ROANOKE TIMES

                         Roanoke Times
                 Copyright (c) 1995, Landmark Communications, Inc.

DATE: WEDNESDAY, March 20, 1991                   TAG: 9103200420
SECTION: EDITORIAL                    PAGE: A-12   EDITION: METRO 
SOURCE: PATRICIA HUTSON
DATELINE:                                 LENGTH: Medium


PETS PUT OUT OF PAIN, BUT PEOPLE. . .

I DIFFER with Eric Q. Underwood's assessment (letter, Jan. 22) that "most people disagree with letting someone die when it is in that person's best interest." I think these people are in the minority and that this is proven by the large number of people who write for living wills after publicity in such cases as Nancy Cruzan's.

Mr. Underwood is "surprised" at these people. I am appalled at them and at a society so compassionate toward animals that humane societies are operated to accept and destroy strays without hope of adoption for "humane" reasons.

A society that puts pets to sleep when they are in great pain and terminal condition, yet uses high-technology machines (designed originally to keep people with reversible conditions alive) to prolong a terminally ill patient's life even when the person is in intolerable pain or irreversible coma, is a cruel contradiction to the words "humane society."

Twenty years ago we lost our first son, Scott, 9 years old. He died almost instantly after being struck by a car.

Six years later our second son, Stephen, was struck by a car as he got off the school bus. Stephen was taken to Roanoke by a life-saving crew kind enough to allow me to ride with them.

I will never forget the inhuman sounds of pain that came from deep within my 10-year-old son as he tried to regain consciousness. It seemed to tear his heart out as well as my own.

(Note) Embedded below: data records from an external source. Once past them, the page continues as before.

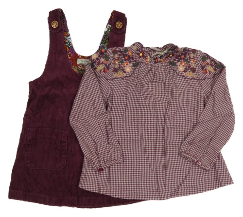• 2set - Vínové manšestrové laclové šaty + vínovo-šedá kostkovaná halenka s výšivkami květů Next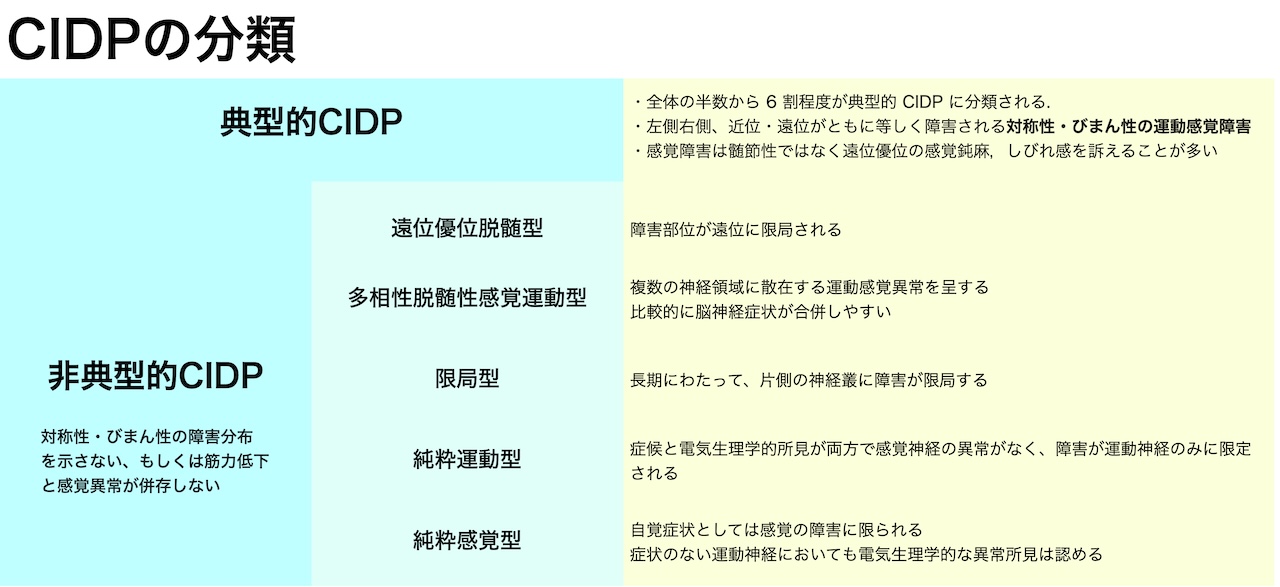- 2ヶ月以上にわたる進行性または再発性の経過で、運動感覚障害を特徴とする免疫介在性の末梢神経疾患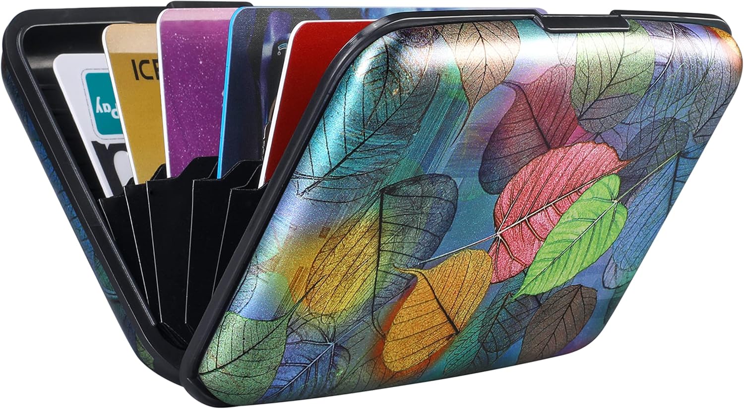 ELFISH Mini RFID Aluminum Wallet Credit Cards Holder Business Card Case Metal ID Case for Men Women(Colorful Leaves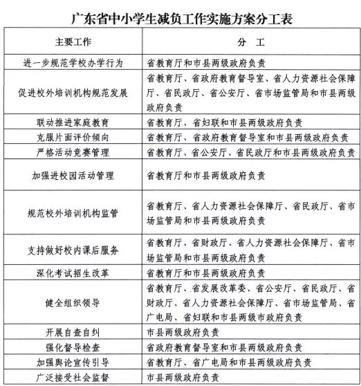 见圳客户端·深圳新闻网2020年1月17日讯 记者从“广东教育”微信公众号获悉,近日,省教育厅等九部门印发了《广东省中小学生减负工作实施方案》(下简称《实施方案》),提出27条具体举措,进一步规范学校办学行为、促进校外培训机构规范发展、联动推进家庭教育、强化政府监督管理、加强组织保障。《实施方案》自2020年3月1日起实施,有效期5年。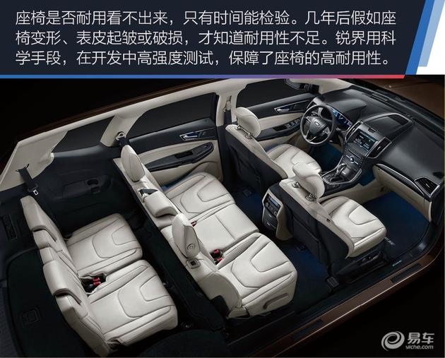座椅的耐用性常常被消费者所忽视,其实这是关乎座椅舒适性的关键。假如座椅的包覆皮革容易起皱甚至破损,坐上去觉得硌屁股,哪还有舒适性可言。为此,福特在开发锐界的座椅时,通过2.5万次上下车模拟测试来检测、保证座椅的耐用性,还通过假人的颠簸蠕动测试来保证较低的表皮起皱损害率。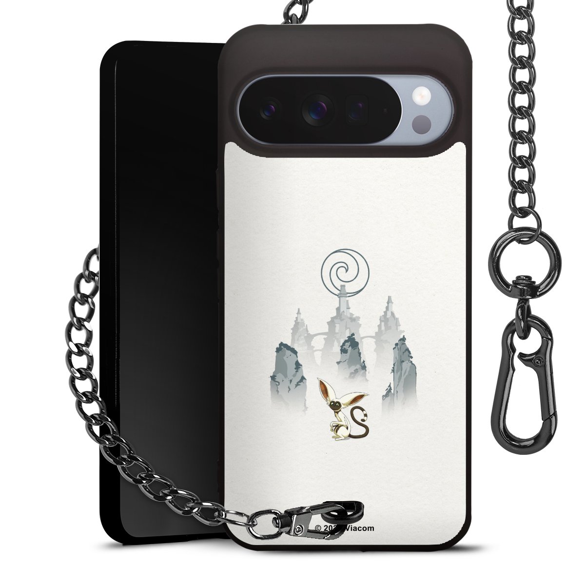 - Mattschwarze Handyhülle mit Metallkette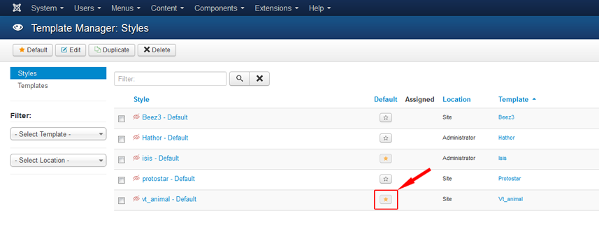 Now navigate to Extensions >> Template Manager. You will see a list of templates installed on your Joomla website. Click the radio button to the left of the template you wish to use. Next click the "Default" icon at the top right of the page. This will append your installed template to the Joomla website.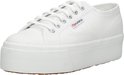 Issue de la collection de la marque italienne Superga , cette sneaker basse tendance est 2790 Cotw Line UP AND Down avec laçage. Ce modèle est entièrement réalisé en toile blanche et possède une semelle intérieure fixe. Cet article décontracté est orné d'un passepoil et d'anneaux en dentelle argentés. La sneaker a une semelle plate-forme blanche frappante d'environ 4,5 cm d'épaisseur avec un fin relief sur le nez et une impression de marque au talon. La semelle robuste de la chaussure est en caoutchouc et a un joli profil.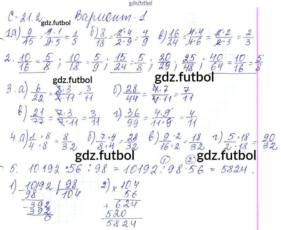 Готовые домашние задания по Математике за 5 класс Зубарева Самостоятельные работы 2016 ФГОС - СР-21.2 1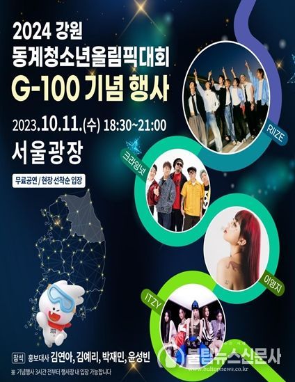불탑뉴스 기자 | 강원특별자치도는 ’23년 10월 11일 저녁 6시 30분, 서울광장에서 '2024 강원 동계 청소년올림픽대회 G-100 기념 행사'를 개최, 올림픽 대회 붐업 분위기 확산에 나선다.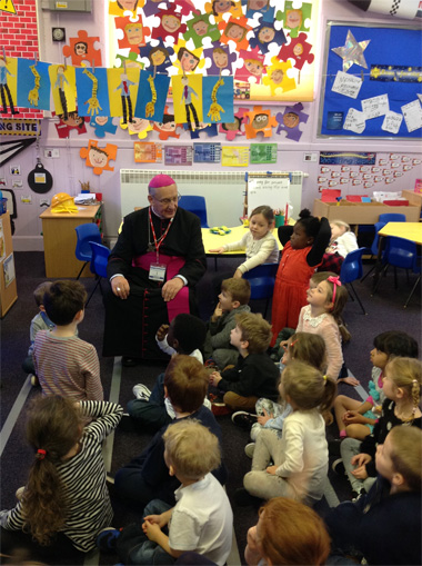 | У межах візіту ў Вялікабрытанію Мітрапаліт Тадэвуш Кандрусевіч наведаў пачатковую каталіцкую школу |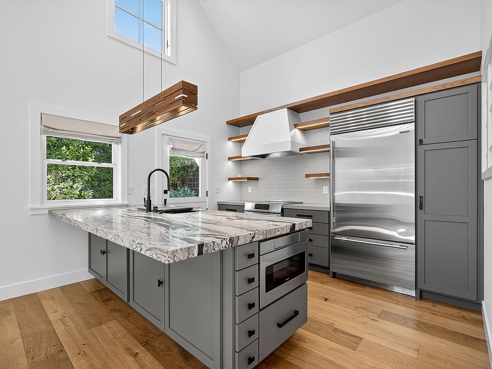 ADU space is gorgeously remodeled, with a chef's kitchen, high end SubZero stainless steel appliances, and vaulted ceiling outlooking the backyard space. The ADU serves as either an entertainment area, office, or separate guests quarters.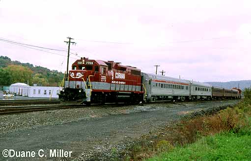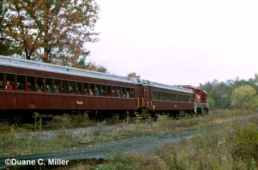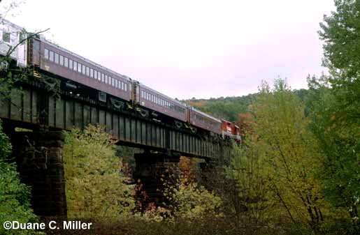 On Monday, October 28th, they returned the chapter coaches to the interchange with Norfolk Southern at Cresson. For this dead-head move they sold tickets and then had buses meet the train in Cresson to return the passengers to Clearfield. As of Saturday they had only sold approximately 50 tickets but over the weekend they sold enough additional tickets to require four buses to return the passengers to Clearfield. To reach Cresson they again followed the B&O line from Clearfield to Curwensville, and then NYC line from Curwensville to Mahaffey. At Mahaffey the train then went onto the former PRR line through Westover and Patton. Aboard the train we noticed a car with an out-of-state license plate that was meeting the train at each crossing to photograph the train. By the time we was nearing Cresson, everyone was cheering when the car was spotted. On this excursion there was the three chapter coaches and two RJ Corman locomotives on the front end.  By Duane C. Miller

Although I try to limit my prayers to the Lord's Prayer as the Bible instructs us, at that time I prayed silently that God would let it be his will that my son suffer as little as possible, and if he had to die at such an untimely age or live in a vegetative state, that he be allowed to depart this life as soon as possible.

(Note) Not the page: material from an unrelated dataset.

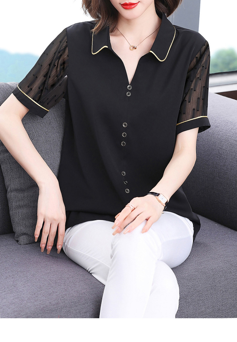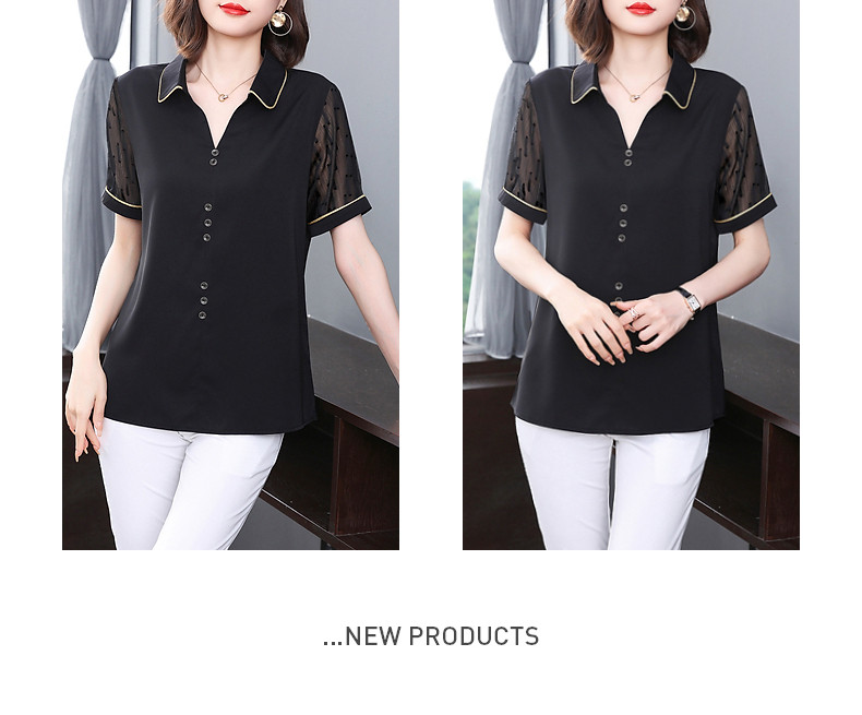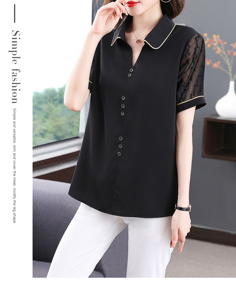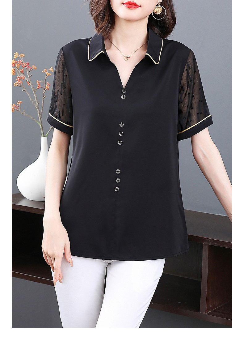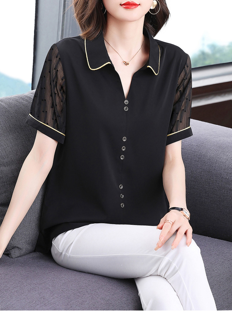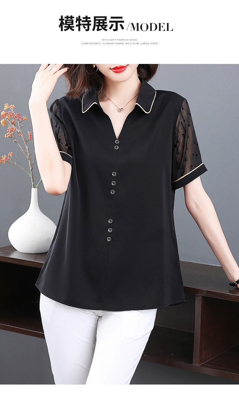 短袖衬衫女雪纺夏季薄款高端时尚洋气大码黑色上衣2026年新款夏装

I will never forget how hard it was to watch air pumped into my son's obviously dead body for 24 hours because the law required the doctors to monitor his non-existent brain waves for that amount of time.

I hope Mr. Underwood and his family will accept my sincere sympathy and admiration. I don't believe my sanity would have withstood having to watch either of my sons suffer as they had to watch their daughter's agony. Stephen's doctor explained to us (with tears in his own eyes) that Stephen also had a broken neck and numerous other injuries and had he lived his life would have been very difficult.

Recently my father died an agonizing death due to cancer, and his life was prolonged past what he need have suffered. We all have to die sometime, and although technology has provided us with miracles, it also has been carried too far when it prolongs suffering needlessly.

People who oppose letting others "die with dignity" when they are suffering needlessly while awaiting imminent death should try to exercise their imagination and put themselves in a similar situation. It's very possible that someday they will actually find themselves in one, and although they might think now it wouldn't change their attitude, once the pain begins it might well be a different story.